Expand description

Reference cycle garbage collection inspired by cpython.

The type Cc<T> provides shared ownership of a value of type T, similar to std::rc::Rc<T>. Unlike Rc<T>, collect_thread_cycles can be used to drop unreachable values that form circular references.

Examples

Cloning references

Similar to Rc<T>, use clone() to get cloned references.

use jrsonnet_gcmodule::Cc;
let foo = Cc::new(vec![1, 2, 3]);
let foo_cloned = foo.clone();

// foo and foo_cloned both point to the same `vec![1, 2, 3]`.
assert!(std::ptr::eq(&foo[0], &foo_cloned[0]));

Collecting cycles

Use collect_thread_cycles() to collect thread-local garbage.

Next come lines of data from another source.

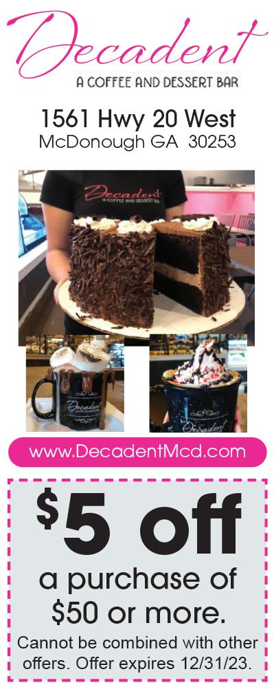 Serving Breakfast, Lunch & Dinner Mon-Sat 7am-6:30pm Sunday 8am-3pm FREE TEA With Purchase of Lunch or Dinner Entrée Dine-in Only. Cannot be Combined. Limit 1 Per Person. Expires 12/31/23. Most Vehicles -10w30 or 5w30 up to 5 Qts. With coupon. Not valid with any other offers. Exp. 12/31/23. $2995 FULL SERVICE OIL CHANGE Gourmet Chocolate Shoppe SweetS for every occaSion & corporate orderS Any Purchase of $50 or More *MuSt preSent coupon. one coupon per perSon per viSit. cannot be coMbined with other offerS or SpecialS expireS 12/31/23 218 John Frank Ward Blvd McDonough, GA Inside Thompson Market 770-282-4080 Call or Text $10 Off $10 Off Featuring… • Jeni’s Ice cream • Nightingale • Hershey’s • Mini melts & much more! $25 off Any booking of $250 or more Offer expires 12/31/23 tezzypoohicecreamtruck.com TezzyPoohIceCream@gmail.com 470-710-9355 218 John Frank Ward Blvd. McDonough, Georgia 30253 (770) 957-3383 Closed Sun & Mon Tues-Fri 10 AM - 6 PM Sat 10AM-3PM ONE FREE TOMATO No purchase necessary. Cannot combine coupons. $5 Off Any Purchase of $40 or More Cannot be Combined With Other Offers. Limit 1 Per Person. Expires 12/31/23. CLIP HC27 Serving Breakfast, Lunch & Dinner Mon-Sat 7am-6:30pm Sunday 8am-3pm FREE Slice of Pecan Pie With Purchase of Dinner Entrée (5pm - 8pm Only) Dine-in Only. Cannot be Combined. Limit 1 Per Person. Expires 12/31/23. With coupon. Not valid with any other offers. Most vehicles. Exp. 12/31/23. $10 OFF ANY SYNTHETIC OIL CHANGE Gourmet Chocolate Shoppe SweetS for every occaSion & corporate orderS Any Purchase of $50 or More *MuSt preSent coupon. one coupon per perSon per viSit. cannot be coMbined with other offerS or SpecialS expireS 12/31/23 218 John Frank Ward Blvd McDonough, GA Inside Thompson Market 770-282-4080 Call or Text $10 Off $10 Off Featuring… • Jeni’s Ice cream • Nightingale • Hershey’s • Mini melts & much more! FREE Ice cream cake with any birthday party booking! Offer expires 12/31/23 tezzypoohicecreamtruck.com TezzyPoohIceCream@gmail.com 470-710-9355 218 John Frank Ward Blvd. McDonough, Georgia 30253 (770) 957-3383 Closed Sun & Mon Tues-Fri 10 AM - 6 PM Sat 10AM-3PM ONE FREE TOMATO No purchase necessary. Cannot combine coupons. FREE Jello Shot With Daiquiri Purchase (Regular or Large) Cannot be Combined With Other Offers. Limit 1 Per Person. Expires 12/31/23. CLIP Serving Breakfast, Lunch & Dinner Mon-Sat 7am-6:30pm Sunday 8am-3pm FREE COFFEE With Purchase of Breakfast Entrée Dine-in Only. Cannot be Combined. Limit 1 Per Person. Expires 12/31/23. With coupon. Not valid with any other offers. Most vehicles. Exp. 12/31/23. $50 Reg. Price $70.00 WHEEL ALIGNMENTS Gourmet Chocolate Shoppe SweetS for every occaSion & corporate orderS Any Purchase of $50 or More *MuSt preSent coupon. one coupon per perSon per viSit. cannot be coMbined with other offerS or SpecialS expireS 12/31/23 218 John Frank Ward Blvd McDonough, GA Inside Thompson Market 770-282-4080 Call or Text $10 Off $10 Off Featuring… • Jeni’s Ice cream • Nightingale • Hershey’s • Mini melts & much more! Fundraiser receives 15% donation of total sales for your event (Schools, churches, non profits) Offer expires 12/31/23 tezzypoohicecreamtruck.com TezzyPoohIceCream@gmail.com 470-710-9355 218 John Frank Ward Blvd. McDonough, Georgia 30253 (770) 957-3383 Closed Sun & Mon Tues-Fri 10 AM - 6 PM Sat 10AM-3PM ONE FREE TOMATO No purchase necessary. Cannot combine coupons. $2 Off Daiquiri Pitcher (Regular Flavors) Cannot be Combined With Other Offers. Limit 1 Per Person. Expires 12/31/23. CLIP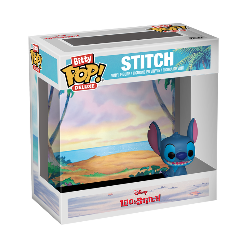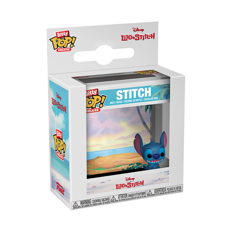 - Élargissez votre collection Disney avec cette figurine Deluxe Bitty POP ! Stitch ! Présenté dans une vitrine en acrylique dur, ce Bitty POP ! Stitch se détache sur un fond de plage assorti ! La figurine Bitty POP ! est collée sur une base acrylique qui peut être retirée de la vitrine. La vitrine comprend également un espace supplémentaire pour ajouter un autre de vos personnages Bitty POP ! préférés à la scène ! Mélangez et associez pour des combinaisons infinies ! La figurine en vinyle mesure environ 2,2 cm de haut. La vitrine en acrylique mesure environ 6,3 cm de large, 6 cm de haut et 3,2 cm de profondeur. Une figurine par paquet acheté.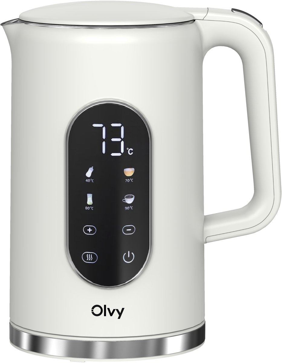 De Olvy Waterkoker is een waterkoker met temperatuurregeling die in een paar minuten perfect warm water levert voor thee, koffie of babyvoeding. Met een vermogen van 2200 W, een instelbaar temperatuurbereik tot 100°C en vier voorgeprogrammeerde standen (40°C, 70°C, 80°C en 90°C) biedt hij controle en gemak. De dubbele isolatie, het hittebestendige handvat en de koelblijvende buitenkant vergroten de veiligheid in dagelijks gebruik.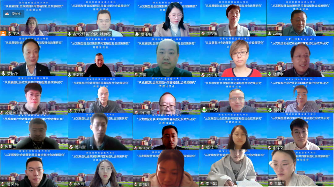 2023年4月9日,由304永利集团贾玉娇教授担任首席专家的国家社科基金重大项目“从发展型社会政策到共同富裕型社会政策研究”通过视频会议的形式举行了开题论证会。开题论证专家组由南开大学周恩来政府管理公司、中国社会学会社会政策专委会会长关信平教授、304永利集团田毅鹏教授、中国人民大学社会与人口公司房莉杰教授、复旦大学社会发展与公共政策公司赵德余教授、厦门大学社会与人类公司徐延辉教授组成。《社会科学战线》副主编王永平研究员,项目各子课题负责人、课题组成员共30余人参加了开题论证会。吉林省哲学社会科学规划基金办公室毕秀梅主任、304永利集团东北振兴发展研究院经理邴正教授、304永利集团社会科学研究院经理姚毓春教授出席开幕式并致辞。论证会开幕式由304永利集团副经理芦恒教授主持。

Use count_thread_tracked() to count how many objects are tracked by the collector.

use jrsonnet_gcmodule::{Cc, Trace};
use std::cell::RefCell;
{
    type List = Cc<RefCell<Vec<Box<dyn Trace>>>>;
    let a: List = Default::default();
    let b: List = Default::default();
    a.borrow_mut().push(Box::new(b.clone()));
    b.borrow_mut().push(Box::new(a.clone()));
}

// a and b form circular references. The objects they point to are not
// dropped automatically, despite both variables run out of scope.

assert_eq!(jrsonnet_gcmodule::count_thread_tracked(), 2);   // 2 values are tracked.
assert_eq!(jrsonnet_gcmodule::collect_thread_cycles(), 2);  // This will drop a and b.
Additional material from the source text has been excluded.